Lijian: Portrait of a Wumao
Copyright© 2021 by Kim Cancer
Chapter 2
“The Oral English Teacher, Wilson Edwards”
二
Despite studying at a 2nd tier college, Lijian was highly impressed by his professors. They were all party members. And they were fluent in English, most speaking with clean, clear British accents. In contrast to many of Lijian’s classmates, who’d sit slouched, sleeping or playing on their phones during lectures, Lijian sat in the front row of every class, sitting upright, straight as a bolt, hanging on his teachers’ every word.
There was one class, though, he detested. His Oral English class. And this was because it was conducted by a man named Wilson Edwards. A foreigner. A cockroach of a man! It was actually the first and only foreigner Lijian had ever met. And the foreigner was just as disgusting as Lijian could have imagined.

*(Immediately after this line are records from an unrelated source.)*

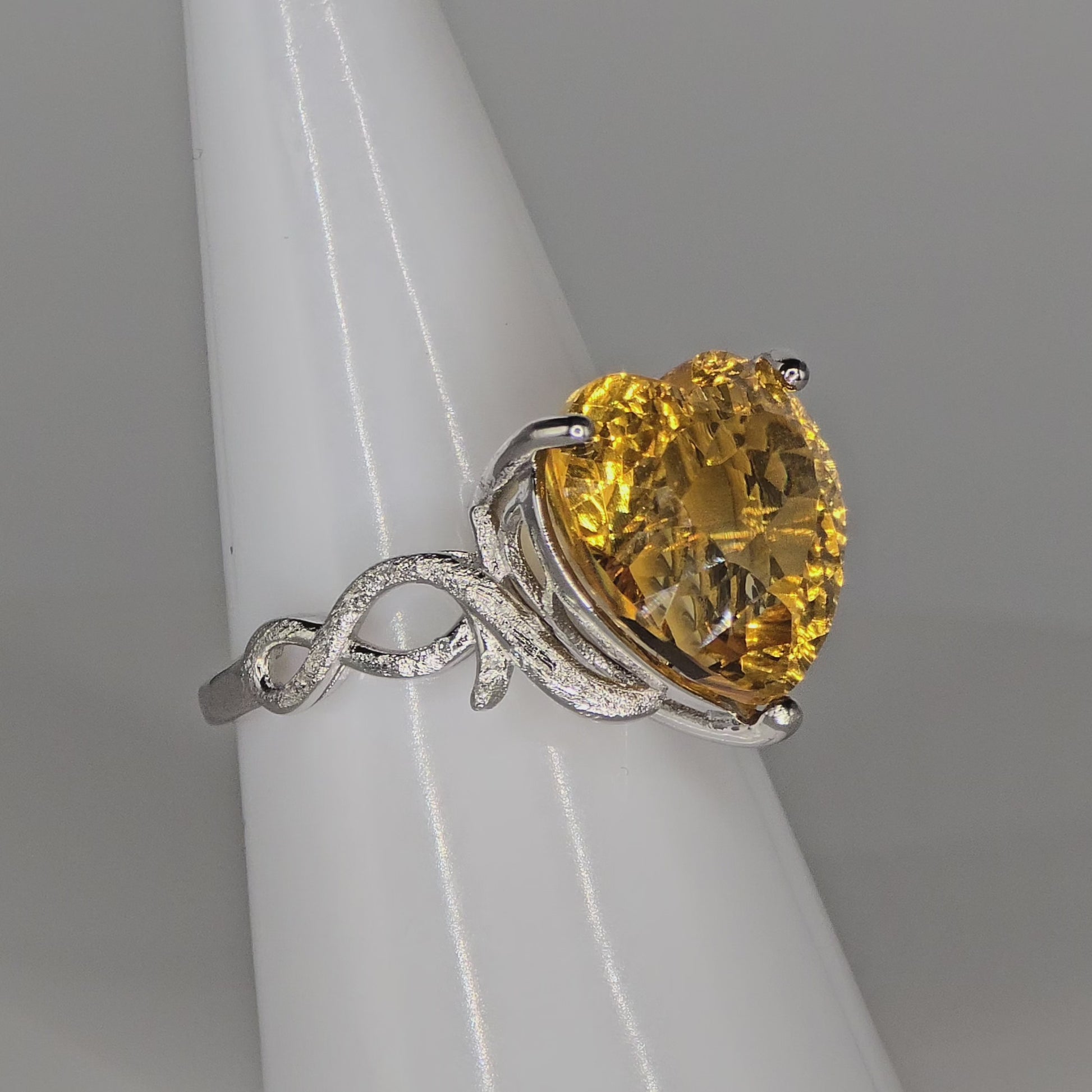 Set hearts ablaze with the radiant glow of the Golden Flame Ring—a heart-shaped Brazil Citrine ablaze with warmth and energy. Framed in silver with delicate curling detail along the band, this adjustable ring feels like wearing a spark of sun-kissed passion on your hand.
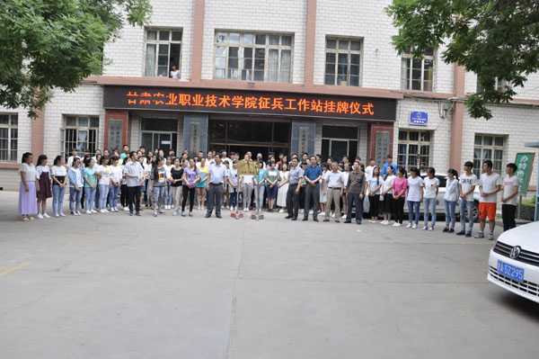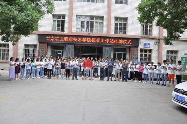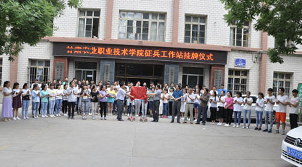 为全面落实中央军委国防动员部、教育部联合下发的《关于进一步做好大学生征兵工作的通知》精神,进一步加强我校大学生征兵工作组织和领导,推进大学生征兵工作深入开展。6月13日下午,学院在原办公楼前举行“甘肃农业职业技术学院征兵工作站成立暨挂牌仪式”。 副院长张守润、学工部部长李明达、招生就业处处长王建鹏、经济管理系书记薛骞、畜牧兽医系书记李举章和部分老师、学生代表参加了挂牌仪式。仪式由学生处副处长王金军主持。
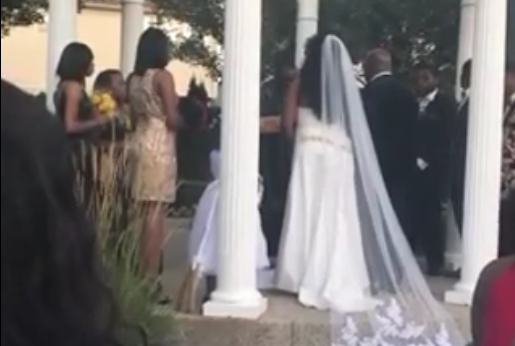 Theo tiết lộ, sự việc diễn ra tại bang Michigan ở Mỹ. Vào thời điểm cô dâu chú rể đang đứng trên lễ đường chuẩn bị nói lời thề non hẹn biển, một cô gái bất ngờ xuất hiện. Người này được cho là bạn gái cũ của chú rể, đứng dậy hét lớn.
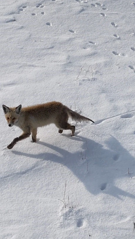 Kars'ta karla kaplı arazide karnını doyurmak için ava çıkan kızıl tilki, bu kez kendisini takip eden teknolojiye yakalandı.
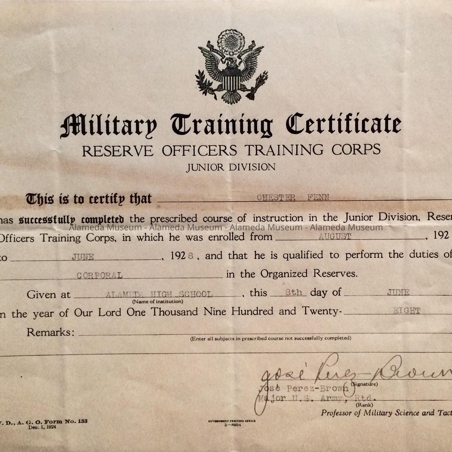History of Object: Certificate awarded to Chester Fenn, of 2038 Alameda Avenue, from the ROTC program at Alameda High School for completion of instructions, from August 1924 to June 1928, in the rank of corporal.
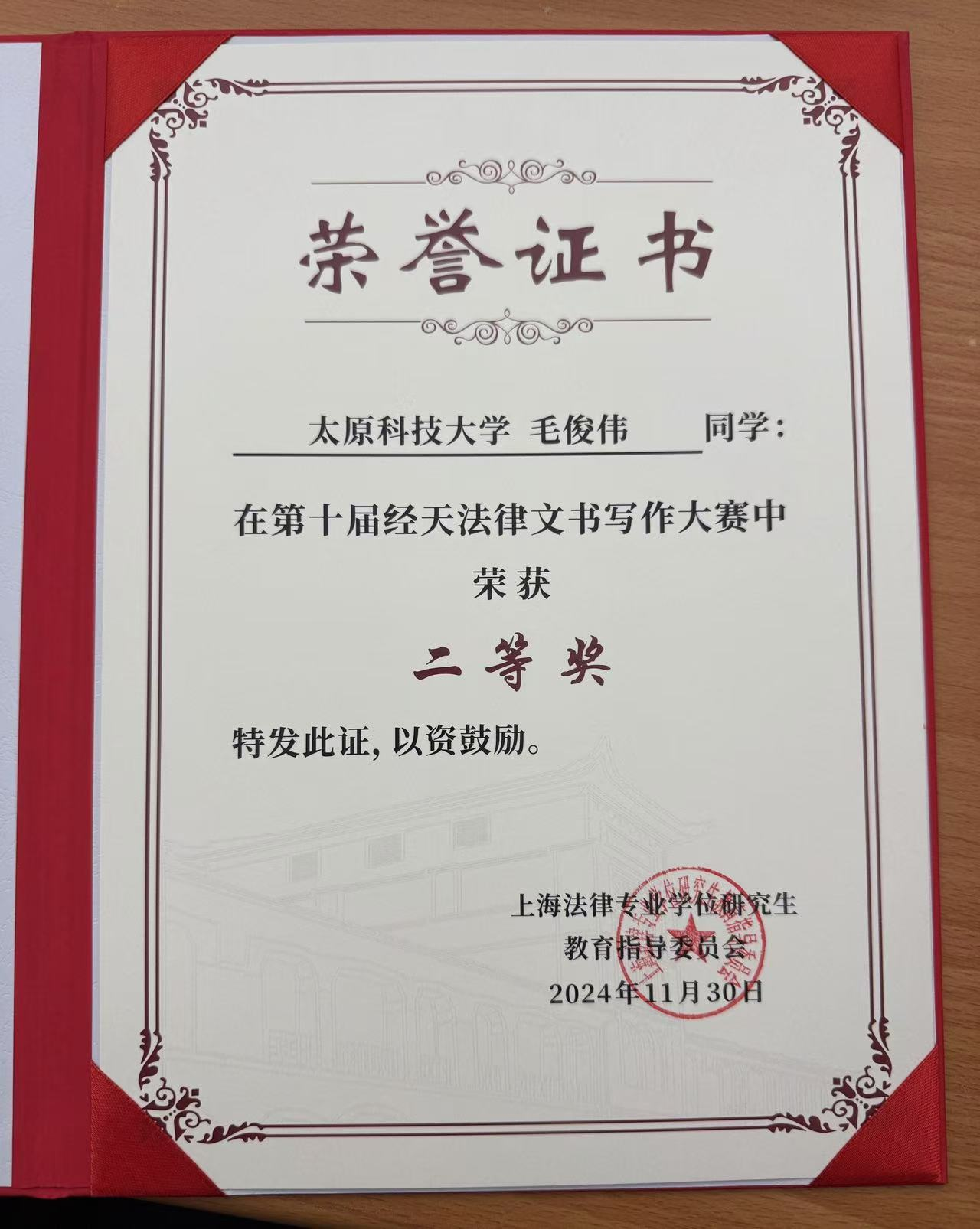 为提升法律专业研究生的专业素质和实践应用水平,11月30日,由上海市法律硕士专业学位研究生教育指导委员会主办、华东政法大学承办的第十届经天法律文书写作大赛决赛在华东政法大学长宁校区举行。pp电子官网法学院2024级法律(法学)硕士研究生毛俊伟荣获二等奖!

The foreign teacher Wilson was a middle-aged white man who’d show up to class in rock band T-shirts and dirty, rumpled blue jeans, flip flops. In addition to the man’s slovenly attire, his appearance was also suspect. He had a hulking potato of a nose, fleshy bags under his electric-blue eyes, and a receding hairline of scruffy, dandruffy, salt and pepper hair. He was thick in the waist, too, with a floppy beer belly hanging over his belt, protruding so far that if he were a female, he’d probably be mistaken as pregnant.

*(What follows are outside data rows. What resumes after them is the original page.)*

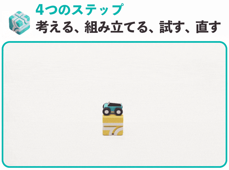 自分だけのコースを作り、自分の思った通りに車を走らせるにはどうしたらいいのか?を考えていくことで、考える力が鍛えられます!考える、組み立てる、試す、直すの4つのステップを通じて、プログラミング思考が自然と身につきます。
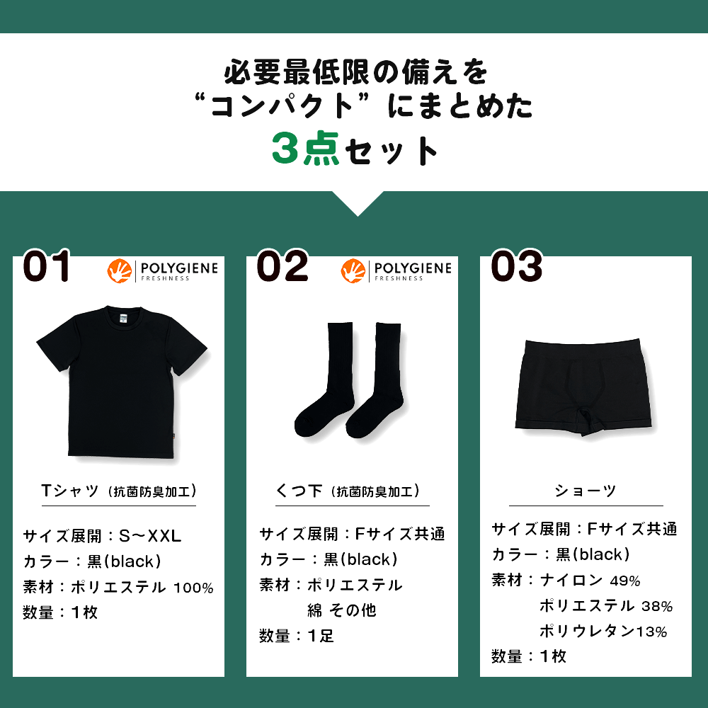 3. 災害時 防災用衣類キット 3点セット Tシャツ ショーツ 靴下 防臭 抗菌 ユニセックス フリーサイズ メール便1セットまで
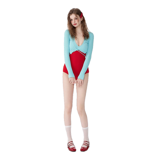 防晒罩衫 泰国长袖 小胸聚拢网红度假连体泳衣女夏 宋茜同款 假面猫
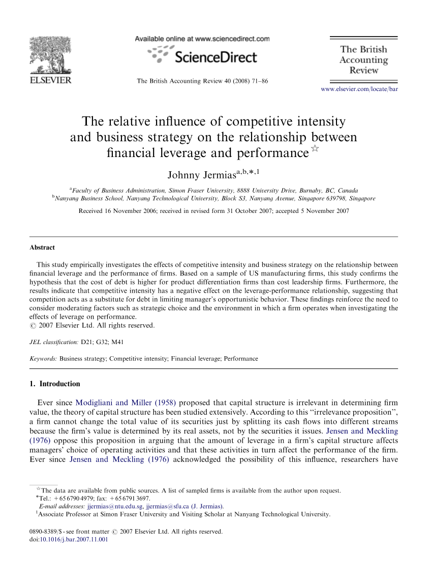 竞争强度和商业战略的相对影响财务杠杆之间的关系和性能
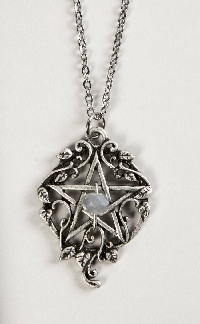 An upright pentagram forms this pendant, surrounded by filigree and touches of ivy as if plucked from an overgrown ruin.Β At the centre sits a smoky, grey bead for a touch of elegance formed from cool mists.
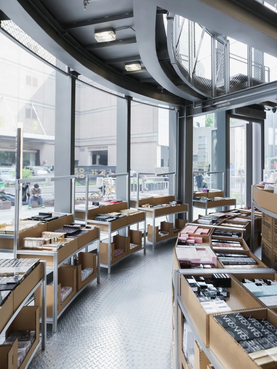 走進(jìn)話梅的最新門店,熟悉的倉儲(chǔ)風(fēng)依然在,裸柱、高密度貨架、簡(jiǎn)潔的工業(yè)設(shè)計(jì),但細(xì)節(jié)里藏著八年迭代的巧思。
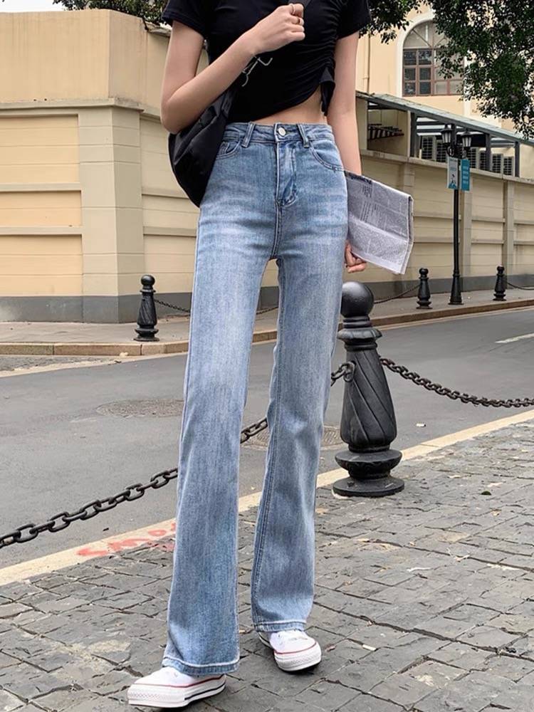 早秋薄款直筒阔腿裤子夏季2021年新款高腰修身显瘦微喇牛仔裤女装
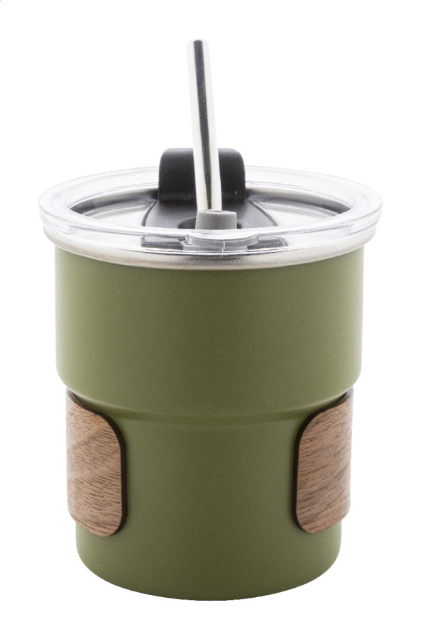 Jednostenný cestovný hrnček z recyklovanej nerezovej ocele s rukoväťou z orechového dreva, plastovým viečkom a slamkou z recyklovanej nerezovej ocele. 260 ml.

The foreigner often smelled of liquor and did nothing in the class except sit in a chair at the front of the room, playing children’s games with the college students. Pin the Tail on the Donkey. Duck Duck Goose. Simon Says. His most earnest attempt at teaching would be to write a word on the blackboard, in a childish scrawl, often misspelling words, then attempting to have a conversation with the class, about the word, the stupid slob sitting down and asking, “So do you guys like barbaque?”
Worse yet, most of Lijian’s classmates were girls, and for some unexplainable reason, the girls LOVED their foreign teacher. They’d laugh hysterically at everything the teacher said, as if he were a comedian. They’d even smile and snap silly selfies with him. It all made Lijian sick. Sick! Did the girls need new glasses? Did they not see what a dog’s fart, what a scoundrel the man was? What was he even doing in China, teaching Oral English? Why wasn’t he back in HIS country?
Everything about the class made Lijian’s blood boil, had him hot with resentment. He’d rather skip the class altogether, do something more useful with his time, like studying Xi Jinping Thought or Marxism. But he knew the college monitored attendance, and he couldn’t risk losing any morality points. He couldn’t and wouldn’t risk anything that might imperil his future party application.